My grandfather leaned in towards me and my brother. “Look at the walls on the side,” he said. Our glances followed his outstretched finger. The sides of the buildings that didn’t face the Canale Grande were made of simple, red bricks. There were no arches, and there were no decorative windows. Any color it might once have had had faded years ago, replaced by rips and tears. My grandpa looked at us. “The imposing beauty often makes it hard to see that this breathtaking city is also heaving for air,” he told us, “Besides tourism, there is nothing that keeps this place alive, and the water is weakening it daily. And these palaces that we send each other on postcards are really only facades that cover up an unfortunate truth.”  He had spread a shadow over my idealistic eyes. While I still admired this unbelievable place, my grandfather’s words echoed in every hidden corner.

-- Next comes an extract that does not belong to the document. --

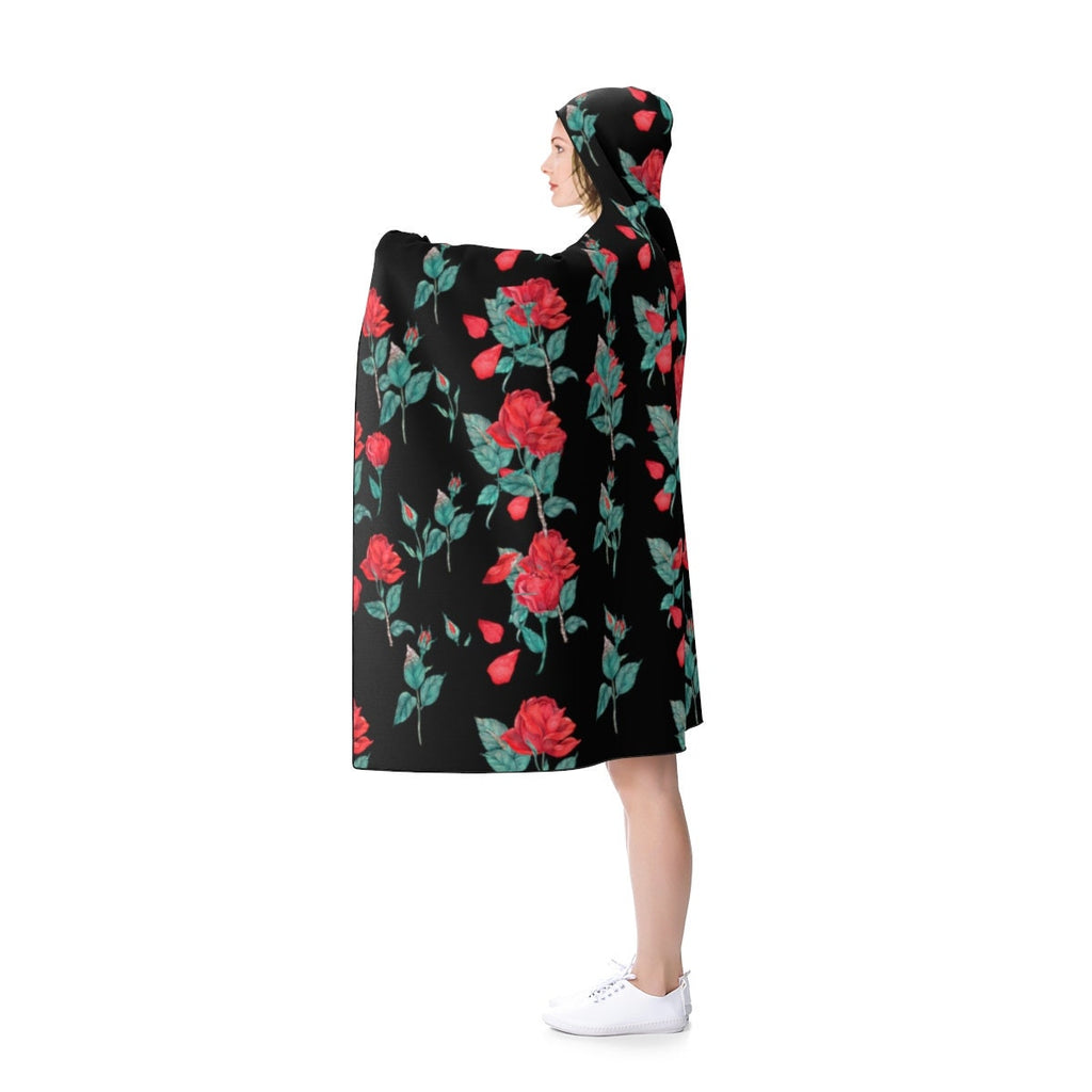 Roses on black Hooded Blanket,Gift for Christmas,Thanksgiving,Birthday,Valentine Gifts for Her,Camping,TV-time/Fireplace Snuggler Blanket
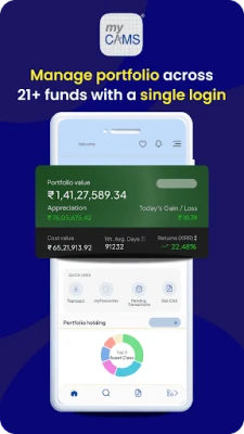 myCAMS brings a host of features - get a one view of your MF portfolio, open new folios, purchase, redeem, switch, set up SIP and more. The app facilitates faster, easier and smarter ways to transact in Mutual Funds.

We ended our last full day with a visit to the Santa Maria della Salute, a church which had been constructed by the city leaders as a praise offering for the passing of the plague. It gaped down on us from its pedestal of stairs, large, white, imposing. Statues of saints adorned its outer coat, picturesque paintings and stained roof windows the inside.  But what caught my attention was the woman, laying on the top step, small, robed in black, her face hidden. In her stretched out hand she held a paper gelato cup, filled with a few European cents. People quickly walked by her to enter the house of God, muting out her moans. Instead of following them right away, I decided to give her five Euros I had found laying in the street earlier that day. As my hand pulled out of the cup, she grasped it and started kissing it, thanking me in showers of Italian. Through my knowledge of Spanish, I understood what she was begging for. One of her four children needed a head surgery, and she was trying to scratch together the remaining money for the doctor. She was only thirty-seven Euros short. Bewildered, I pushed past her into the cool building. I saw gold. I saw marble. I saw silver…everywhere. How many times could just one of these picture frames give thirty-seven Euros?

“…They are really only facades that cover a hidden truth,” he had said. And as I left that church, I wondered; how many? How many tourists had passed through the Canale Grande on their “Europe-in-Two-Weeks” cruise and admired the beautiful arches, the beautiful windows, and never noticed the tearing brick walls?